2 The circumstances leading to the prosecution, and the relevant factual background are fully set out in my judgment previously referred to and I shall not repeat them.
3 The Prosecutor submitted that the culpability of this defendant was at the lower end of the scale. This was because he had employed competent persons to perform his managerial functions and to that extent had discharged his obligations. The relevant principles are set out in a judgment of Wright J, President, in WorkCover Authority of New South Wales (Inspector Page) v Walco Hoist Rentals Pty Ltd & Anor (No.2) (2000) 99 IR 163. His Honour commented that the level of gravity of the offence attributable to a personal defendant under s 50 of the Act "may be less than that which has been found to have been committed by the corporate defendant ..."(at paragraph [38]).

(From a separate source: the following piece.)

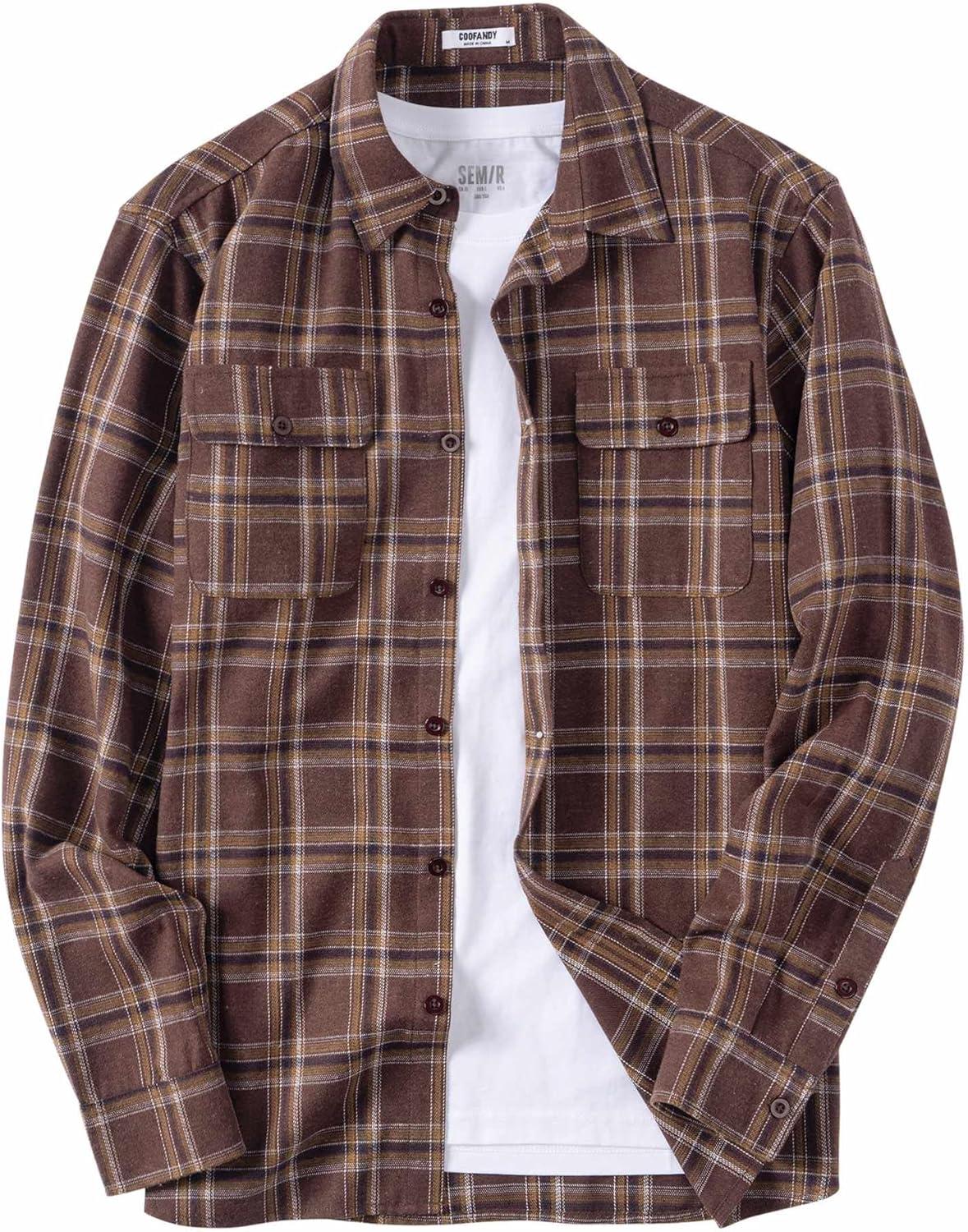 COOFANDY Mens Flannel Shirts Long Sleeve Plaid Button Down Shirt Cotton Casual Work Shirts with Pockets(Coffee)

At paragraph [39] his Honour said: "In assessing the culpability of the second defendant it is, in my view, important to place particular weight upon the role of the defendant in the management of the corporation and the nature of the gravity of the offence as identified in relation to the first defendant, and to make an assessment in that context of the situation of the second defendant...".
4 On this approach, which I respectfully adopt, it is necessary to have regard not only to the offence committed by the corporate defendant but also to the nature and extent of the role of the individual defendant who, by virtue of s 50 of the Act, was deemed to have committed the same offence.
5 The evidence in these proceedings is to the effect that this defendant occupied an overall managerial role and he took an active interest in the day to day operations of the corporate defendants, even to the extent of chastising Mr Sagiotis for not wearing a safety harness. On the other hand, it is clear from the evidence that he did not have particular responsibilities for day to day management of the operations of the first and second defendants and in fact had employed competent persons in these roles. One of such persons was Mr McInnes whose evidence was discussed in connection with my judgment in matter numbers 4234 and 4235 of 2003.
6 I agree that this defendant's culpability should be assessed at the low end of the scale.
7 This defendant is entitled to the same subjective mitigating factors which were applied to the defendants in the previous proceedings. These include the undertaking of a number of acts which reflected extreme contrition for what had occurred, and full co-operation with the WorkCover Authority of New South Wales. In addition, as a substantial shareholder in the defendant companies which were the subject of the earlier proceedings, the impact of the fines borne by each of the companies would be reflected in a lessening of the value of this defendant's shareholding in those companies.
8 The maximum penalty is the sum of $55,000. In all the circumstances I impose a penalty of $3,500.
9 The Prosecutor sought orders for a moiety and costs, which were not opposed.
10 I make the following orders:
1. The defendant, Paul Giannikouris, is found guilty of the offence charged in the order and convicted accordingly.
2. I impose a monetary fine of $3,500 with a moiety to the Prosecutor.
3. The defendant is to pay the Prosecutor's costs as assessed by the Court in default of agreement, being costs which were not capable of being recovered in proceedings 4234 and 4235 of 2003.